- [TASK]: Return all of the entries exactly, but do not include the pictures.

- [DATA FOR PROCESSING]:
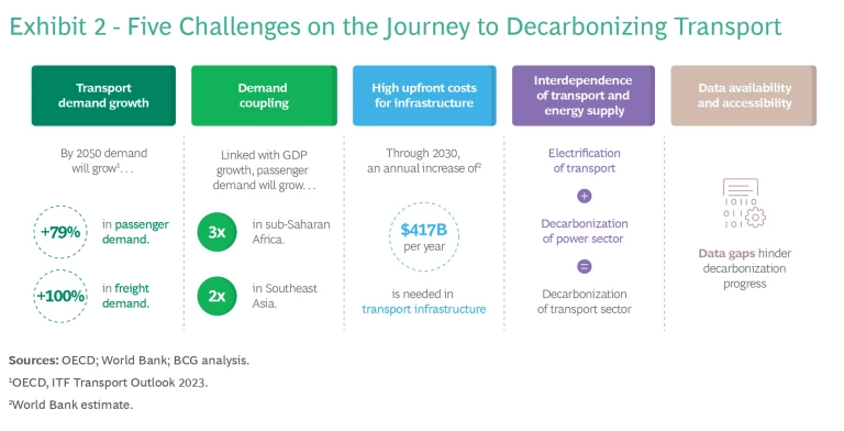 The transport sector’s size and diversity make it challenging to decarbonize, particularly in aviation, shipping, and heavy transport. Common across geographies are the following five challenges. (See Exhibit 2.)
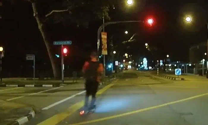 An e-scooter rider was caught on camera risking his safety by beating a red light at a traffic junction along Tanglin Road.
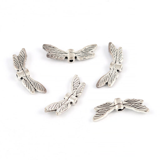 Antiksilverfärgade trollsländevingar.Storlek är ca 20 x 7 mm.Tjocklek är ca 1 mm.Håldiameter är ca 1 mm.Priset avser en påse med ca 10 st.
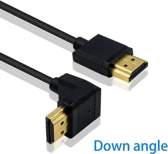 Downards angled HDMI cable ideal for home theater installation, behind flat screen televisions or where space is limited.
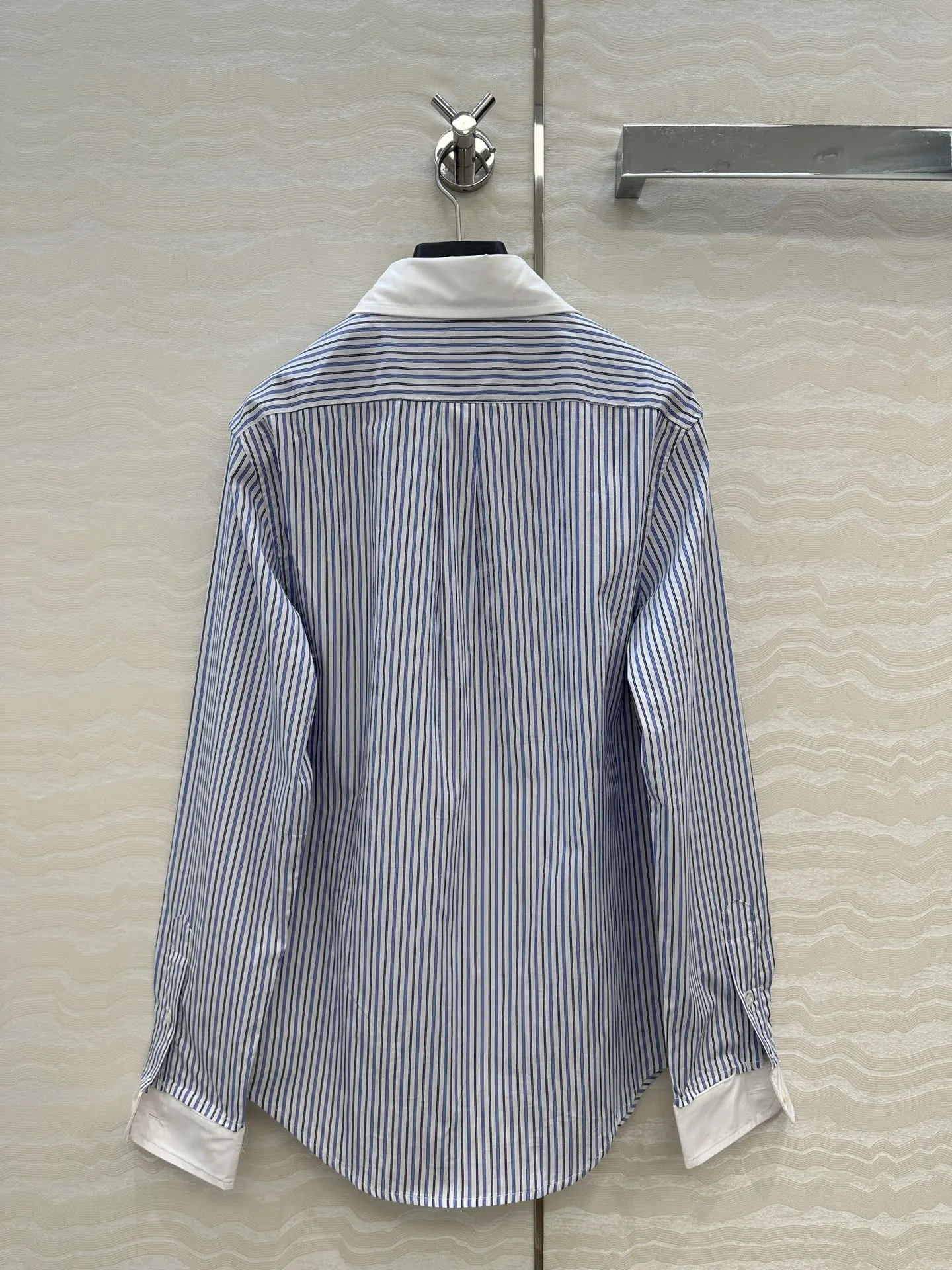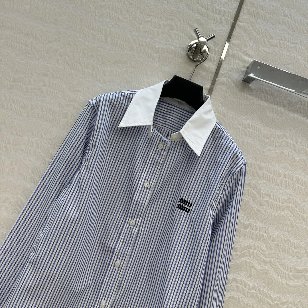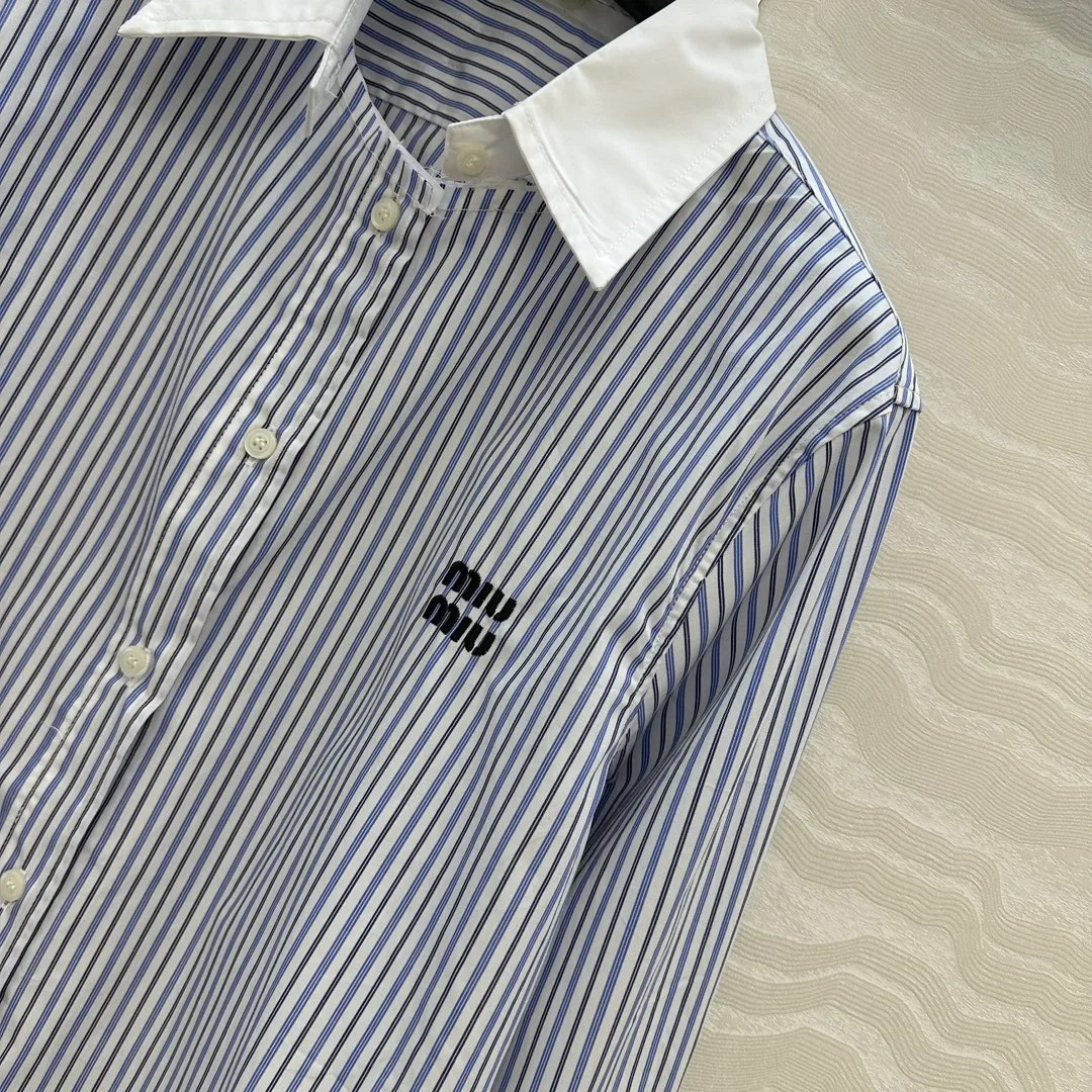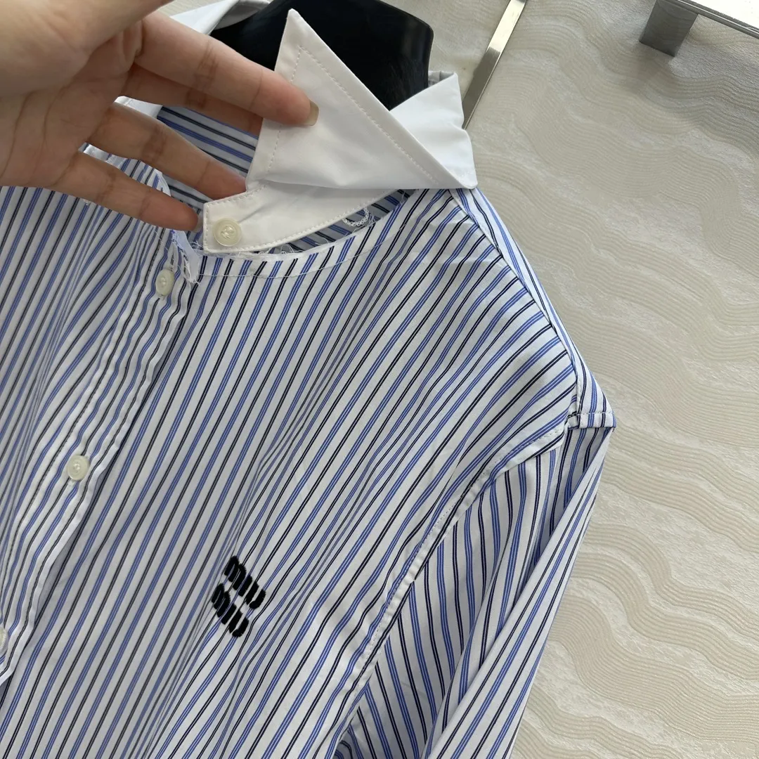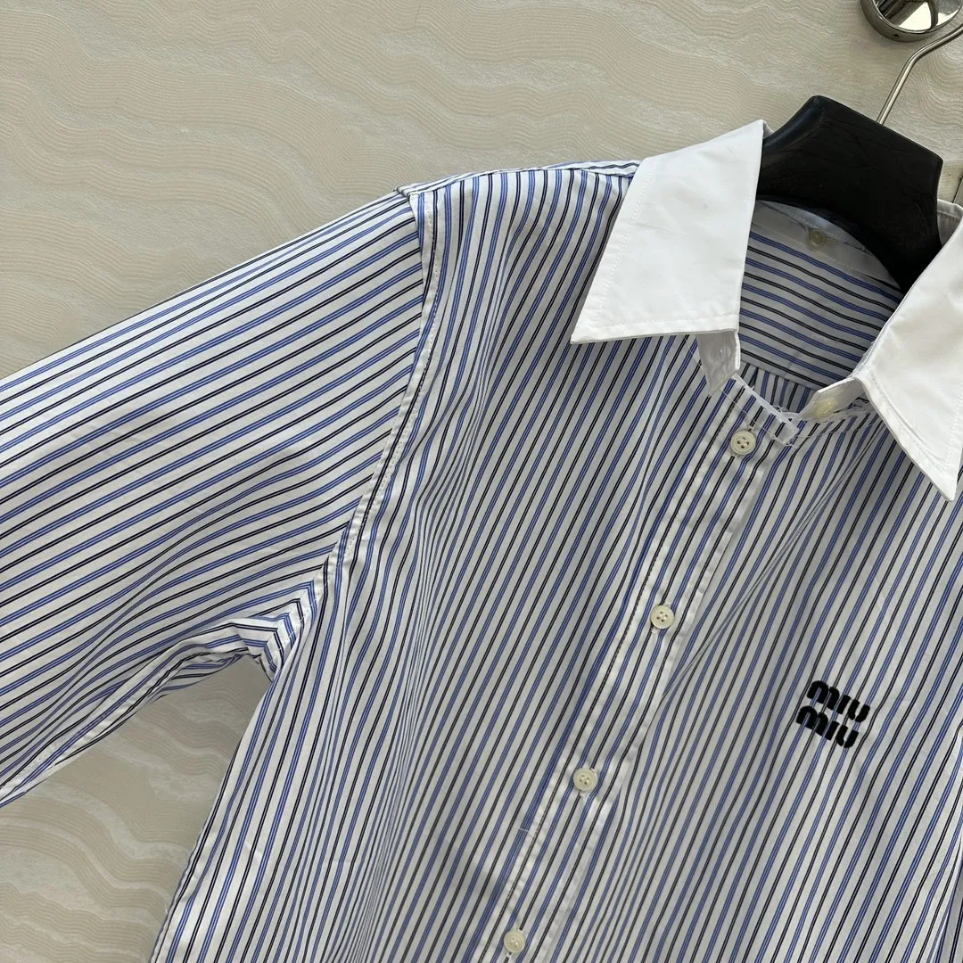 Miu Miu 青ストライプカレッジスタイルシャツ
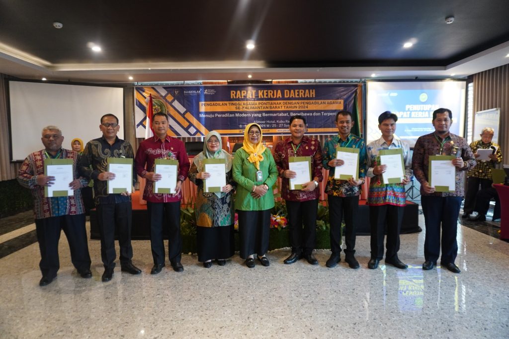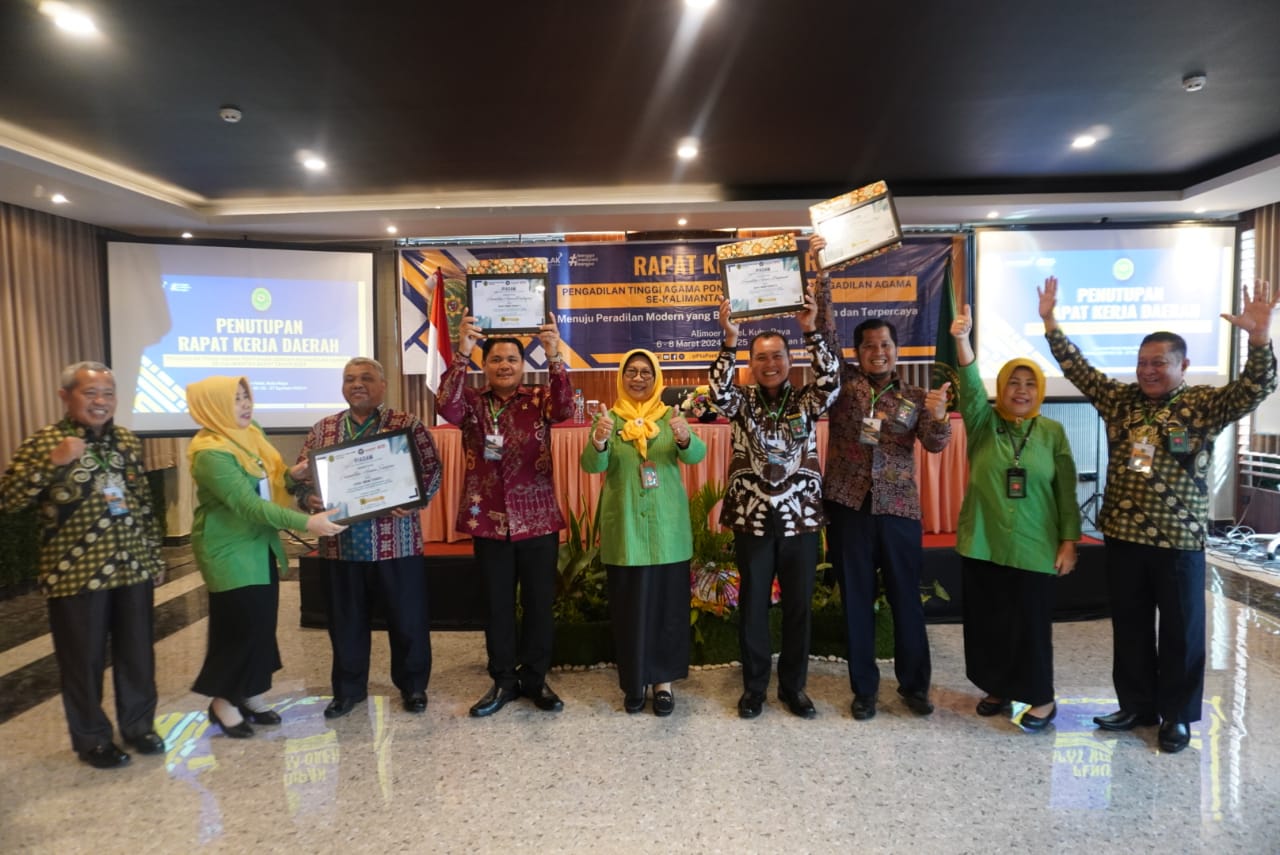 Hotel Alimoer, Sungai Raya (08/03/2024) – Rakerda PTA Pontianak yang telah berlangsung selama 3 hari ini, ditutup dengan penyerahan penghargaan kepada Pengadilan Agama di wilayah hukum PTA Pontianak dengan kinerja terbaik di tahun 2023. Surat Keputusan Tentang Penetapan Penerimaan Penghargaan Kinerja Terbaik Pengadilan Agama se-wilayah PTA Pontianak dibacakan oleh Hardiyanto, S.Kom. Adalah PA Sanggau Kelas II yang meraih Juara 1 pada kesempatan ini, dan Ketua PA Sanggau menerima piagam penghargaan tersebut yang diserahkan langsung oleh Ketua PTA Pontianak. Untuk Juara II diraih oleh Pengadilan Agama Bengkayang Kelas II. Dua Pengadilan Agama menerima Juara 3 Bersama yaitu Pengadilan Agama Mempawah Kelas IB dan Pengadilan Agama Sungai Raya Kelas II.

- [ANSWER]:
 The transport sector’s size and diversity make it challenging to decarbonize, particularly in aviation, shipping, and heavy transport. Common across geographies are the following five challenges. (See Exhibit 2.)
 An e-scooter rider was caught on camera risking his safety by beating a red light at a traffic junction along Tanglin Road.
 Antiksilverfärgade trollsländevingar.Storlek är ca 20 x 7 mm.Tjocklek är ca 1 mm.Håldiameter är ca 1 mm.Priset avser en påse med ca 10 st.
 Downards angled HDMI cable ideal for home theater installation, behind flat screen televisions or where space is limited.
 Miu Miu 青ストライプカレッジスタイルシャツ
 Hotel Alimoer, Sungai Raya (08/03/2024) – Rakerda PTA Pontianak yang telah berlangsung selama 3 hari ini, ditutup dengan penyerahan penghargaan kepada Pengadilan Agama di wilayah hukum PTA Pontianak dengan kinerja terbaik di tahun 2023. Surat Keputusan Tentang Penetapan Penerimaan Penghargaan Kinerja Terbaik Pengadilan Agama se-wilayah PTA Pontianak dibacakan oleh Hardiyanto, S.Kom. Adalah PA Sanggau Kelas II yang meraih Juara 1 pada kesempatan ini, dan Ketua PA Sanggau menerima piagam penghargaan tersebut yang diserahkan langsung oleh Ketua PTA Pontianak. Untuk Juara II diraih oleh Pengadilan Agama Bengkayang Kelas II. Dua Pengadilan Agama menerima Juara 3 Bersama yaitu Pengadilan Agama Mempawah Kelas IB dan Pengadilan Agama Sungai Raya Kelas II.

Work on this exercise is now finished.